Work task. Using the material below, return exactly the lines between the one holding "Cerebral palsy is" and the one holding "Anzeigeblatt für die", inclusive, and no others.

Data supplied.
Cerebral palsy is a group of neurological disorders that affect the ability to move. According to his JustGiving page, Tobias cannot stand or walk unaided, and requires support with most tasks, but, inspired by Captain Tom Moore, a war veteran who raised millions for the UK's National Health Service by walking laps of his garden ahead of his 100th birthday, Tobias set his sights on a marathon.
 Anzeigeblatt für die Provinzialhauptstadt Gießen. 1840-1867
* * *
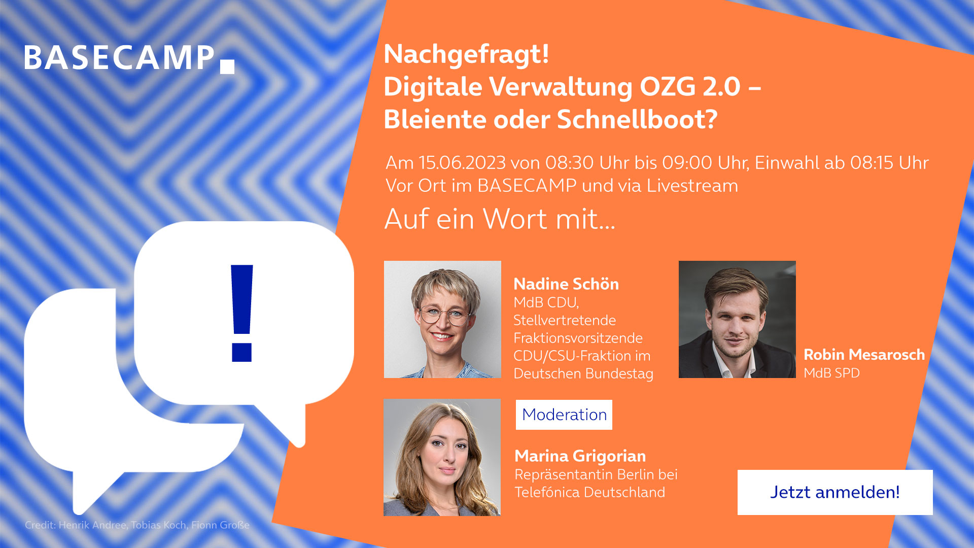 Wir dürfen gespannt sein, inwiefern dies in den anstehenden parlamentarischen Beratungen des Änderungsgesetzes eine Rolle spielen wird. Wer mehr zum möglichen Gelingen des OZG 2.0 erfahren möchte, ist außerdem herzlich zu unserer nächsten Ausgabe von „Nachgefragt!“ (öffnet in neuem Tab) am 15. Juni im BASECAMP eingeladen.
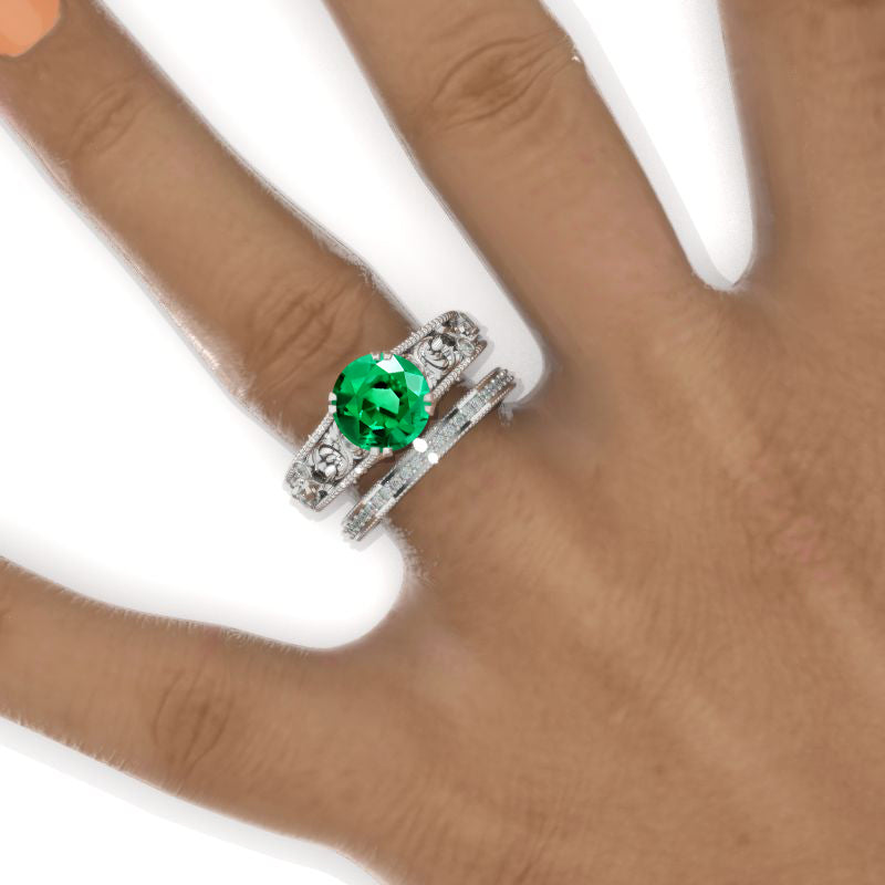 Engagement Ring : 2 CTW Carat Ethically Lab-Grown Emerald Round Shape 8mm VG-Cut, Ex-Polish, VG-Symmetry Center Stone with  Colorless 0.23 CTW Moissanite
* * *
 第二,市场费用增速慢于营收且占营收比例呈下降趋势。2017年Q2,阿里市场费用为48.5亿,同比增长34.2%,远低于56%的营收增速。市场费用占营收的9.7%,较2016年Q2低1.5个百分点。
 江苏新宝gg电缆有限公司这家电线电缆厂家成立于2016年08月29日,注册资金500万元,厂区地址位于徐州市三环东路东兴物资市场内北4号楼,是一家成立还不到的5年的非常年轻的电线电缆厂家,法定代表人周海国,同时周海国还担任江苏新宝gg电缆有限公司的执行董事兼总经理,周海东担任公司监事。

Task output.
Cerebral palsy is a group of neurological disorders that affect the ability to move. According to his JustGiving page, Tobias cannot stand or walk unaided, and requires support with most tasks, but, inspired by Captain Tom Moore, a war veteran who raised millions for the UK's National Health Service by walking laps of his garden ahead of his 100th birthday, Tobias set his sights on a marathon.
 Anzeigeblatt für die Provinzialhauptstadt Gießen. 1840-1867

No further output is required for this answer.